= Miglutė Gerdaitytė =

Lithuanian physician

Miglutė Gerdaitytė (born 21 January 1940 in Šiauliai, Lithuania) is a physician and signatory of the 1990 Act of the Re-Establishment of the State of Lithuania.

==Early life and education==
Gerdaitytė was born on 21 January 1940 in Šiauliai, Lithuania. She attended secondary school in the Meškuičiai region from 1946 to 1957.

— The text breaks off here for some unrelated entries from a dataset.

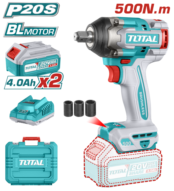 Llave de Impacto 20V BL 500Nm INDUSTRIAL TOTAL
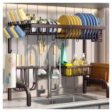 Over The Sink Dish Drying Rack, Adjustable (25.5 to 33.5 inch) 2 Tier Metal Steel Dish Drying Racks for Kitchen Counter with Hooks Paper Towel Utensil Cup Holder Sink Caddy, Brown
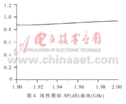 為使圖2中的LNA模塊噪聲系數(shù)。截點和增益達到表1中的各項指標,設(shè)計漏極電流Id=60mA?同時,要求單個放大元件在此偏置點的工作性能達到優(yōu)于表1的規(guī)范值。由于E-pHEMT元件ATF-54143在電流Id=60mA下,具有最佳的截點(IP3)和最小噪聲系數(shù)Fmin;漏源極電壓Vds為3V時,具有稍高的增益;偏置是+5V穩(wěn)定電壓,所需單極性+3V電壓更具有優(yōu)勢,因此選擇其作為放大元件。

Gerdaitytė received her degree in medicine from Vilnius State University in 1963.

==Career==
Gerdaitytė returned to her home town Šiauliai, to serve as the chief physician of the Meškuičiai District Hospital, until 1990, when she was elected as Deputy of the Supreme Council – Reconstituent Seimas. In 1992, she returned to Šiauliai to continue serving as the chief physician until 2003.

==Politics==
In 1990, Gerdaitytė transitioned into politics, being elected as a deputy to the Supreme Council – Reconstituent Seimas of Lithuania in the Šiauliai rural electoral district No. 91 in February. In March 1990, Gerdaitytė was a signatory of the Act of the Re-Establishment of the State of Lithuania. She was a member of the Sąjūdis faction and served as the deputy until 1992. During her tenure as deputy, she worked within the permanent Committee on Health Protection and Social Affairs. After returning to her work as a physician, Gerdaitytė stayed involved in politics, serving as a judge of the Supreme Court of Lithuania and as a deputy in both the Šiauliai district and Meškuičiai district councils.

==Honours and awards==
In July 2000, Gerdaitytė was awarded the Medal of Independence of Lithuania. In January 2017, she was nominated for the honorary citizen of Šiauliai district, being nominated by the non-governmental organization "Meškuičių bendruomenė" and receiving a recommendation from the "Naisių bendruomenė" association.

==Personal life==
Gerdaitytė is married and has a daughter and son.